Technical parameters

The maximum cross-section for each deuteron production channel is calculated using an initial grid search followed by the simplex algorithm. Assuming parameters similar to the default parameters above are used, the following technical parameters should not need to be changed. However, if the maximum finding fails for a given configuration, the following can be modified to ensure appropriate determination of the cross-section maximums.

parm  DeuteronProduction:kMin   (default = 1e-1)
The minimum bracketing value of k (in GeV) when maximum finding. For the default p n → gamma 2H production model the cross-section diverges at low k, but the probability of producing two nucleons with low k suppresses this divergence.

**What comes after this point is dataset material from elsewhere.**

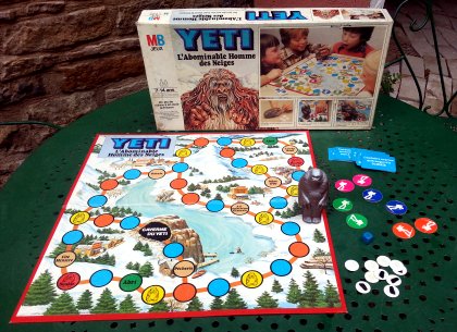 Quelle idée de pratiquer la randonnée dans une contrée hantée par le Yéti - L’Abominable Homme des neiges ! D'ailleurs, un seul survivra. Heureusement (ou pas), ce n'est pas le Yéti qui décide où le mènent ses pas, mais les joueurs autour de la table et aussi un peu le hasard. Tout l'attrait du jeu réside dans la figurine du Yéti. Celle-ci dissimule sous ses pieds dix pastilles qui sont déposées au fur et à mesure que la créature avance. Cinq d'entre elles portent des traces de pas. Si votre jeton se retrouve sous l'une d'elles, c'est bien dommage car il est écrasé et éliminé du jeu.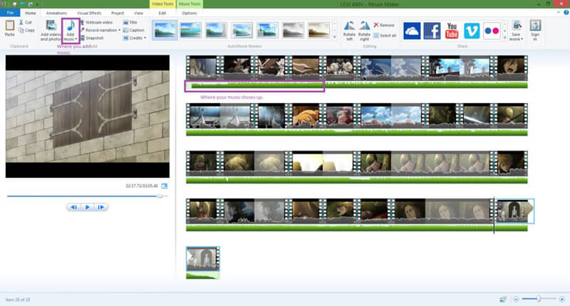 Si es un usuario de PC y quiere hacer un AMV en una computadora con Windows 10/8/7, también puede confiar en el software de edición de video predeterminado, Windows Movie Maker. Esta parte muestra detalles sobre cómo hacer un AMV con Windows Movie Maker.

parm  DeuteronProduction:kMax   (default = 5)
The maximum bracketing value of k (in GeV) when maximum finding.

parm  DeuteronProduction:kTol   (default = 1e-4)
The minimum relative tolerance in k required when maximum finding.

mode  DeuteronProduction:kSteps   (default = 100)
The number of steps to sample in k when calculating the initial grid for maximum finding.